Un reportaje de La Razón publicado el domingo último identificó la existencia de una sofisticada red de reclutamiento, transporte y explotación que busca entre sus víctimas a personas jóvenes y, sobre todo, necesitadas. Así, por ejemplo, en ciudades como El Alto, agencias de empleo o «gestorías comerciales» publican avisos de reclutamiento para trabajar en talleres de costura de la metrópoli brasileña ofreciendo beneficios que luego no se materializan.
La memoria periodística recuerda que en todos los casos que han abordado la problemática de la migración y la explotación laboral se identifica el clásico relato que habla de muchos sacrificios, pero también de la posibilidad cierta de tener éxito. Antes sedujo a europeos que llegaron al nuevo continente, hoy lo hace sobre quienes, víctimas de la pobreza, buscan cambiar su situación. El problema es que este relato beneficia a unos pocos, que administran las redes de trata y tráfico de personas.

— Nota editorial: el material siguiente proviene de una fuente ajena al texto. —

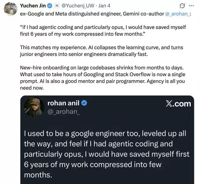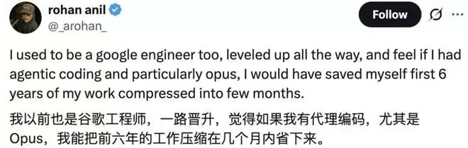 其中,一位名为 Rohan Anil 的 X 网友评论道:自己以前也是谷歌工程师,在职期间一路晋升,但如果当时就有 Agent coding 的话,尤其是 Opus,也许就能把前六年的工作压缩在几个月内完成。

Elocuente ejemplo del sueño migrante es el Cónsul de Bolivia en Sao Paulo, pues él también emigró y hoy es un empresario con negocios en ambos países, además de agente diplomático boliviano. Por eso mismo es la persona más apropiada para advertir sobre los muchos peligros que acechan a quienes cruzan la frontera de manera ilegal, y le toca luchar por los derechos de estos indocumentados ante las autoridades brasileñas.
Y es que existe un acuerdo binacional que posibilita a los bolivianos obtener un certificado del Registro Nacional de Extranjeros brasileño, que habilita el goce de los derechos ciudadanos, entre ellos el de trabajar legalmente y recibir los beneficios sociales que corresponden. De hecho, según el cónsul, en los últimos tres años, aproximadamente 70.000 de los casi 200.000 bolivianos que viven en Sao Paulo han regularizado su situación migratoria.
Por su parte, los traficantes de personas organizan inclusive el transporte de los migrantes para asegurarse de que, por una parte, lleguen hasta los talleres donde trabajarán y, por otra, no hagan los trámites migratorios en la frontera, obligatorios para legalizar su estadía en el vecino país.
Se trata, pues, de una realidad lacerante que requiere de grandes esfuerzos a lo largo de toda la cadena, no para evitar que las personas abandonen el país, sino para que no lo hagan en condiciones ilegales, que sólo las ponen en riesgo y favorecen su explotación. Y ésta es una tarea que no sólo le compete al Estado.